Increasingly we live in different worlds, the left and the right: we haven't spoken the same language for some time, but now, we don't even seem to read the same language.
OI'M A YANKEE-BLEEDIN'-DOODLE-DANDY, MATE! Andrew Sullivan's a piece of work, isn't he? Today he's calling out traitors again. In his current dishonor roll, he equates Nicholas de Genova (whose comments at Columbia are, if reported correctly, genuinely anti-American) with The New York Times.

Let's see. De Genova wished for a million Mogadishus. The Times reports news comprehensively, and has never, to my knowledge, wished aloud that Saddam would win so much as a battle. The paper's headline today reads, "Infantry Attacks Baghdad Defense With First Probes" -- subheads: "Slower Pace, Not a Pause," "Armor Advancing," and "Army and Marines Take on Republican Guard to Shape Big Fight." Not a Mogadishu in sight.

Yet Sullivan characterizes this as "a paper whose editors have already assumed -- or can barely conceal the conjecture -- that the war is lost

Yeah, if they were real Americans, they'd be running New York Post-style "Wipeout!" headlines, not this nuanced shit.

The Times has about seventy thousand Pulitzers, bureaus in every corner of the world, and a reportorial and editorial staff that is the envy of every newsgathering organization on the planet. Sullivan ceaselessly complains that they aren't giving him gigs. Bias may not be the reason, Andy.

Sunday, March 30, 2003

PUT IN MY PLACE. Sasha & Andrew's Roundtable pointed to this "Which Band Member Are You?" quiz, so I went and took it. The result you see here. I started out as a guitarist and lead singer, but the past few years of holding down the bottom for Lach have apparently mutated my personality. (It's easy for anyone familiar with musicians, or musician jokes, to see which way the test responses would lead, and I must say that had I taken the quiz in my chandelier-swinging six-string days, I certainly would have obtained a different result.)

Like Peter Boyle said in Taxi Driver, a man does a thing and then he becomes what he does. I'm not sure I believe in destiny, but today more than yesterday I do believe in habit.
TRICKLE-DOWN DIVISIVENESS. Fight the real enemy, cries Andrew Sullivan: "The day of reckoning is not just coming for Saddam Hussein. It's coming for the anti-war movement."

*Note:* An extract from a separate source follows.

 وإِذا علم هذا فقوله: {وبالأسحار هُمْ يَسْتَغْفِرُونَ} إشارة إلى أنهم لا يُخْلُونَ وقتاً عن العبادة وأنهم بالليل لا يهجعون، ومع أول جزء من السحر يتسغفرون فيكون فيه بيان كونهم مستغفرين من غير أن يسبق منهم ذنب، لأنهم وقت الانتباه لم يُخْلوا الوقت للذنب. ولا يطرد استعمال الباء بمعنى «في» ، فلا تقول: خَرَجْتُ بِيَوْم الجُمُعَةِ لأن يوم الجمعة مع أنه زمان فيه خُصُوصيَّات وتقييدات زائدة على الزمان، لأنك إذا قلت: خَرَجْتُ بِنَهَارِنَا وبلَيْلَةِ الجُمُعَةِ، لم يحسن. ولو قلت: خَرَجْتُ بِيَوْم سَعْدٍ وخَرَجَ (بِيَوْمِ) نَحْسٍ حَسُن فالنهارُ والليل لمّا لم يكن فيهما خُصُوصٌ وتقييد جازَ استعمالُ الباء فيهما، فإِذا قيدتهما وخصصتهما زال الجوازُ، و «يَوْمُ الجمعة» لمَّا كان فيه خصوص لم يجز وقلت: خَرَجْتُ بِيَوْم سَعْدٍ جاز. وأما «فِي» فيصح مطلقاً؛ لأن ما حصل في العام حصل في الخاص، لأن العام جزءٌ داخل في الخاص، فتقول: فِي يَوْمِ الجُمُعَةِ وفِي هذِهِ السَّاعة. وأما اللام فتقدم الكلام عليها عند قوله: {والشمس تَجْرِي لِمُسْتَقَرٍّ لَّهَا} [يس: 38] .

Further down, Sullivan advises on "what the anti-war movement must do now if it is to regain credibility." If his ultimate goal is to give millions of his fellow Americans the Saddam Hussein treatment, why would they listen to him?

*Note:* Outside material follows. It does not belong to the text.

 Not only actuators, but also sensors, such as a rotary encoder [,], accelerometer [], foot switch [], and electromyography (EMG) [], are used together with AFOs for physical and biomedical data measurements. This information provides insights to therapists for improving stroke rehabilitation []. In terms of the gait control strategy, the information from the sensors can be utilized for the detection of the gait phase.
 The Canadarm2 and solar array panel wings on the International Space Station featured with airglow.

In Saturday's New York Post, Adam Brodsky writes, "When the big bombs went off in Baghdad on the first night of this war, I felt like beating my chest." He explains: "It tells the world -- in the only language it understands -- that America will defend itself." (emphasis mine)

Intelligent people can disagree about the war on Iraq, but in the war of a handful of American conservatives against pretty much everyone else on the planet, it would appear the sides have been chosen for us. "With us or against us" is having a most ominous trickle-down effect.

THAT TODDLIN' TOWN. My post on Chicago at the Alicublog Archive (soon to be a major motion picture, released directly to Super-8) prompted this response from my filmmaker buddy Steve Baker of Dallas:

I remember being there for a few weeks in the late '70s. I stayed at the
downtown residential "Y" for $4 a night. Very low-budget tourist wanderings
on my part: jazz bars, Polish restaurants, earnest theater, Heileman Old
Style on tap everywhere (pretty shitty beer, actually), and just taking up
the streets and skyline and lake.

I had a feeling that I could like it there very much.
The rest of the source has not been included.